►

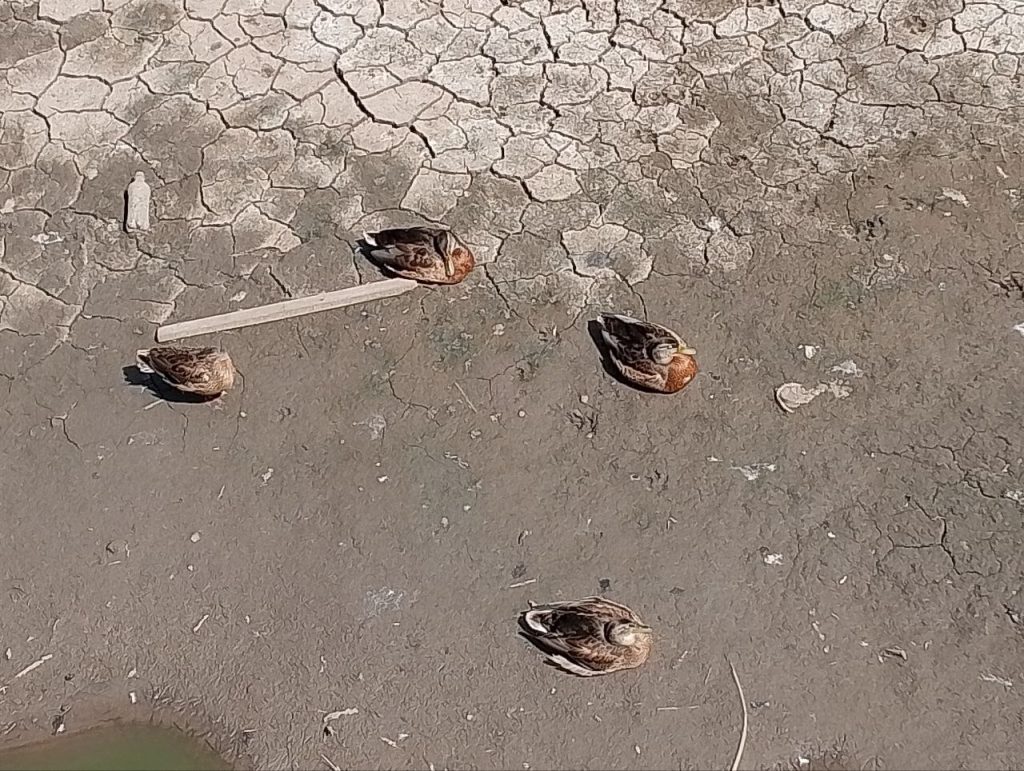 Жаркие июль и август, а также отсутствие источника пополнения воды привели к тому, что от пруда под тропой здоровья осталось несколько луж. Туда по-прежнему прилетают утки, но плавать под тропой уже нельзя.
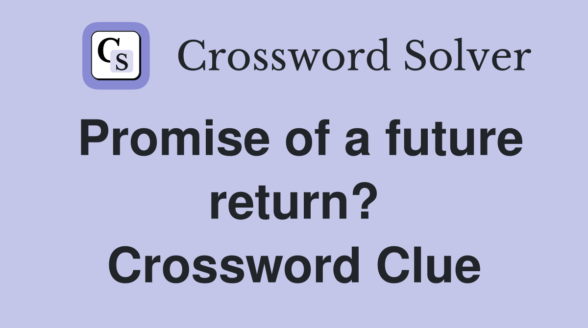 Promise of a future return? Crossword Clue Answers Crossword Solver
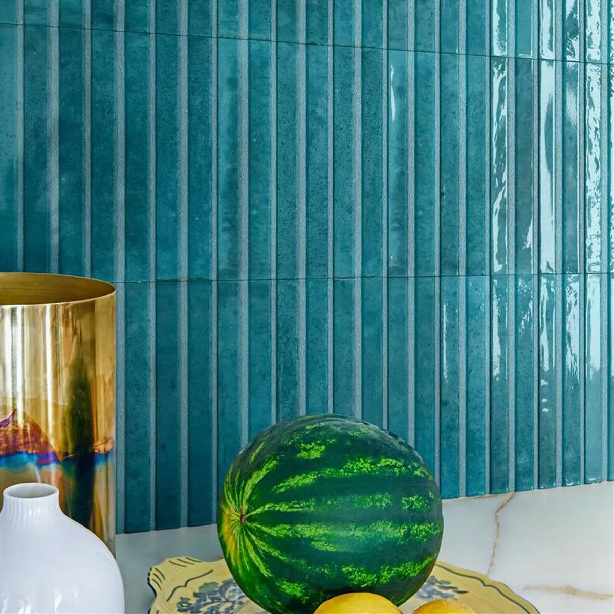 Découvrez la polyvalence du carrelage mural en grès cérame Artemis. Idéal pour diverses pièces intérieures telles que cuisines, salles de bains, buanderies, débarras, couloirs et salons, ce carrelage confère à votre espace une esthétique moderne et épurée. Sa couleur bleu marine brillante et émaillée crée un effet 3D unique.
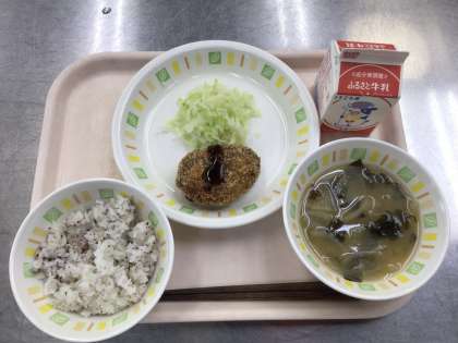 今日の給食は、ゆかりごはん 牛乳 コロッケ ゆでキャベツ みそ汁
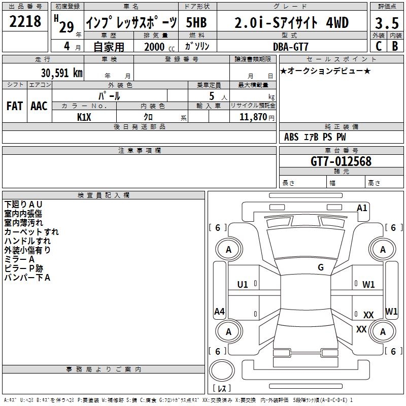 Все аукционы SUBARU IMPREZA SPORT
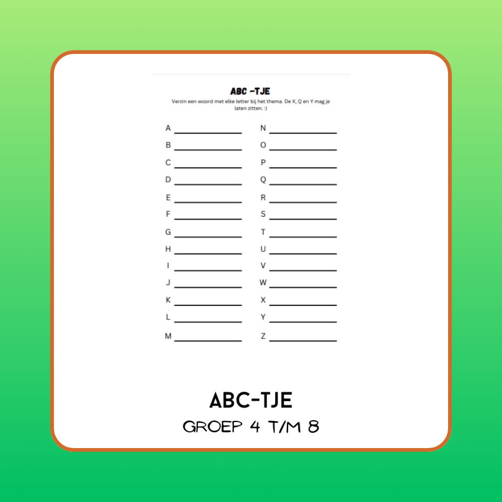 Het ABC-tje spreekt voor zichzelf: verzin een woord binnen het thema met elke letter van het alfabet. Bijvoorbeeld thema dieren, het ziekenhuis, verkeer, weer, landen, tweede wereld oorlog, etc.

◄

### EXERCISE
When a picture appears among the entries, skip it; transcribe everything else exactly.

### ANSWER FOR THE TASK
 Жаркие июль и август, а также отсутствие источника пополнения воды привели к тому, что от пруда под тропой здоровья осталось несколько луж. Туда по-прежнему прилетают утки, но плавать под тропой уже нельзя.
 Promise of a future return? Crossword Clue Answers Crossword Solver
 Découvrez la polyvalence du carrelage mural en grès cérame Artemis. Idéal pour diverses pièces intérieures telles que cuisines, salles de bains, buanderies, débarras, couloirs et salons, ce carrelage confère à votre espace une esthétique moderne et épurée. Sa couleur bleu marine brillante et émaillée crée un effet 3D unique.
 今日の給食は、ゆかりごはん 牛乳 コロッケ ゆでキャベツ みそ汁
 Все аукционы SUBARU IMPREZA SPORT
 Het ABC-tje spreekt voor zichzelf: verzin een woord binnen het thema met elke letter van het alfabet. Bijvoorbeeld thema dieren, het ziekenhuis, verkeer, weer, landen, tweede wereld oorlog, etc.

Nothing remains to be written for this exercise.